閉店日当日の八重洲ブックセンター本店
八重洲ブックセンター本店の最終営業日。一昨日に来たばかりだが、再びこの場所に来てしまった。本店ビル周囲の路上は、さすがに人で溢れている。
店内も満員だ。先ずは最上階に上り、階段を降りながら各フロアを見て回る。洋書コーナーには、かのレクラム文庫が残っている。幾分か値引きされているようだ。
日本近代文学の棚で、久生十蘭全集を発見する。今世紀になってから編纂された、国書刊行会版だ。非常に凝った装丁で、箱入りで、一冊の価格が一万円以上する。豪華本だ。
自分もかつて、ここ八重洲ブックセンターで、久生十蘭全集を買ったことを思い出す。前世紀のことである。版元は、今は亡き三一書房だ。現行の国書刊行会版ほどには高価ではなかったが、ティーンエイジャーの財布にとっては、決して優しくは無く、全巻揃えることは出来なかった。
付録の月報には、中井英夫か誰かのエッセイと共に、小品「骨仏」が収録されており、この文章は、私が人生で最初に読んだ、「純正の超短編」ではなかったかと思われる。純正の超短編というのは、SFや推理小説のような論理的な構成や、ショートショートのような明確な落ちが用意されたフィクションではないという意味においてである。
店内では、昔の関係者らしき人物同士が再開し、互いに歓声を上げている。いわゆる「久闊を叙す」だ。昔話に花を咲かせている。
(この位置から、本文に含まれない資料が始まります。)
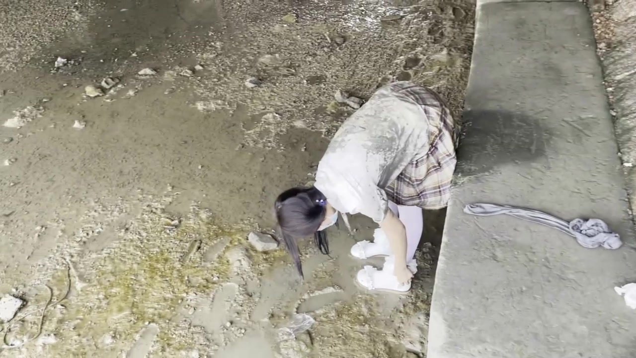 【小瓶子】粉色jk白丝工地旁玩泥玩水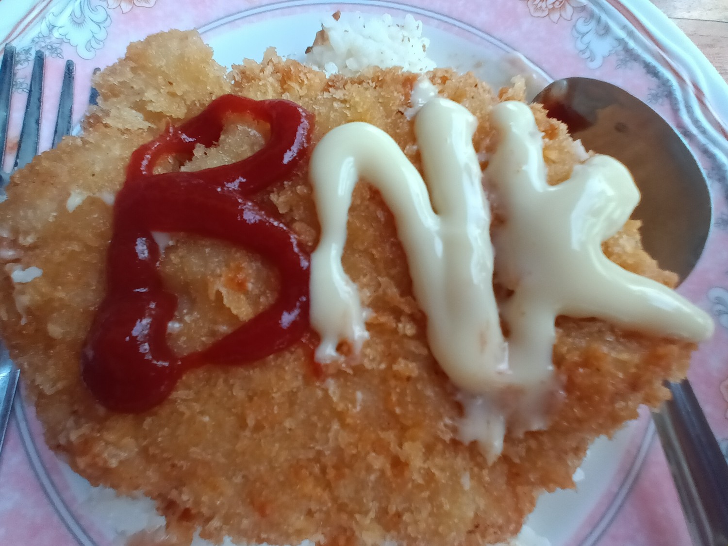 วันนี้ ผม กินข้าวพัดหมู อร่อยมาก>//< คุณละกินข้าวกับอะไร>?

人の数だけ、個人史があり、精神史、内面史がある。かつて、書籍は、人間の精神活動に、最も多大な影響を与えうる媒体であった。巨大書店は、その時代において、個々の内面史が交差し結節するターミナルであり、社会的なインフラとして機能していた。同時代を生きる人類の集合知、全体知が具現化した空間だった。客同士が直接言葉を交わすことは少ないとしても、そのような認識がどこかで共有されていた。そんな時代があったのだ。
今日が最後なので、何か本を買おう。何でも良い。
岩波文庫の棚から、なるべく新しそうなものを一冊探す。『曹操・曹丕・曹植詩文選』を拾う。
次いで、この書店で最も売れたという一冊を、ベストセラーのコーナーから選ぶ。外山滋比古『思考の整理学』ちくま文庫だ。奥付を見ると、一九八六年刊。一二三刷。圧倒的だ。
レジに並ばなければならない。列は既に、店内を何度も折り返して一階フロア全体を埋め尽くし、店外に続いている。裏側の駐車場脇の路地を通り、ビルの周りを一周している。その列の要所要所に係員が立ち、整理・誘導に努めている。
時ならぬ高揚感・非日常感・一体感・イベント感がある。
列の最後尾を目指す。係員の指示に従い、並ぶ。
並びながらSNSを見る。現在参加中の、このブックセンターの殷賑も話題となって、実況されている。自分自身もまた、実況者の一人となる。
私のSNSのタイムライン上では、同時進行で、JR北海道の留萌本線の様子が伝えられている。不採算路線で、留萌~石狩沼田間が、今日をもって廃線となる。いわゆる葬式鉄だ。それらの駅においては、おそらく、この八重洲の街と同じような、時ならぬ喧噪が出現しているのだろう。それぞれの、三月三十一日の夜。
自分の前に並んでいた女性が、店員に記念写真の撮影を頼んでいる。自身の写真を撮ってもらうのかと思ったが、その店員の写真を撮りたいとのことだった。店員は希望に応じる。
金曜の夜だ。読書に余り縁の無さそうな酔客の一団が、一体何事かと係員に尋ねている。夜風が通る。
店の前の路上で、誰かがスピーチを始めた。この店と縁のある有名作家か、店側の偉い人だろう。誰なのかは確認できない。内容も良く聴こえない。しばらく話が続いた後、時ならぬ万雷の拍手が夜の中央区のオフィス街に起こる。
列は少しずつ進み、やっと店内に入る。会計が終了したのは二一時一一分。列に並び始めてから、およそ一時間かかった。
店外に出る。周囲には、名残惜しそうに記念撮影を続ける人々が、まだ何人も居る。これで本当にお別れだ。